A simple interactive loop using LLM::Context directly. Each line of input becomes a turn, and streaming sends output to the terminal as it arrives:

require "llm"

llm = LLM.openai(key: ENV["KEY"])
ctx = LLM::Context.new(llm, stream: $stdout)

loop do
  print "> "
  ctx.talk(STDIN.gets || break)
  puts
end

Cancelling a request mid-stream

Need to stop a long generation? ctx.interrupt! cancels the active provider request and notifies any running tools through on_interrupt.

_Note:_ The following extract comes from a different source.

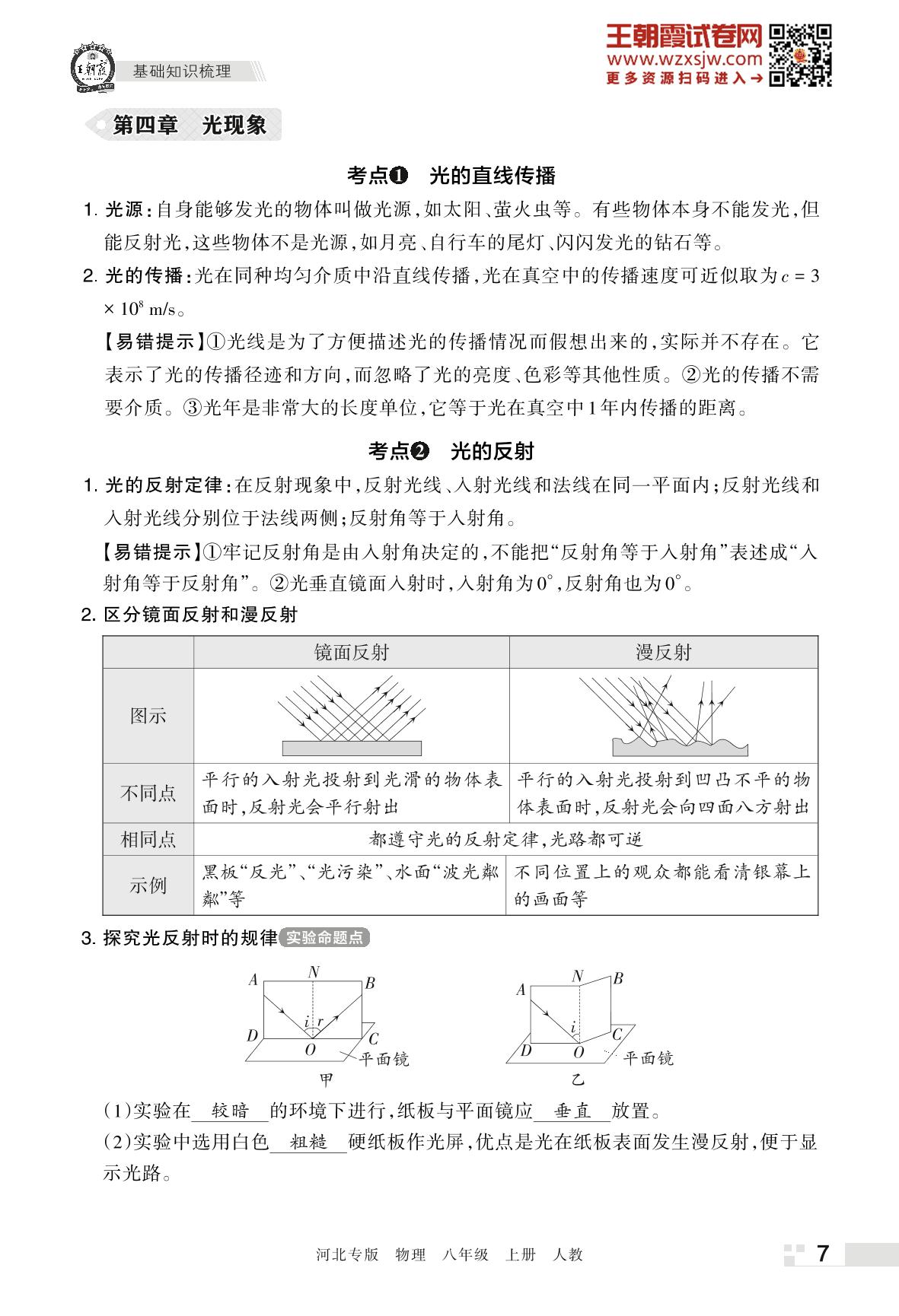 王朝霞期末知识梳理——第四章 光现象八年级上册物理(人教版)_R221125120059207

Useful in web apps where one message may need to cancel an earlier in-flight request:

require "llm"
require "io/console"

llm = LLM.openai(key: ENV["KEY"])
ctx = LLM::Context.new(llm, stream: $stdout)
worker = Thread.new do
  ctx.talk("Write a very long essay about network protocols.")
rescue LLM::Interrupt
  puts "Request was interrupted!"
end

STDIN.getch
ctx.interrupt!
worker.join

More resources

The deepdive guide covers every feature with runnable examples — providers, tools, agents, schemas, MCP, A2A, compaction, tracing, and production patterns.

Relay

Relay is a production application built on llm.rb with context management, tool composition, concurrent workflows, and cost tracking.

Robert

Robert is a 2MB native FreeBSD AI assistant built with mruby-llm.

rails-llm

rails-llm provides a Rails engine with chat UI, generators, and acts_as_agent.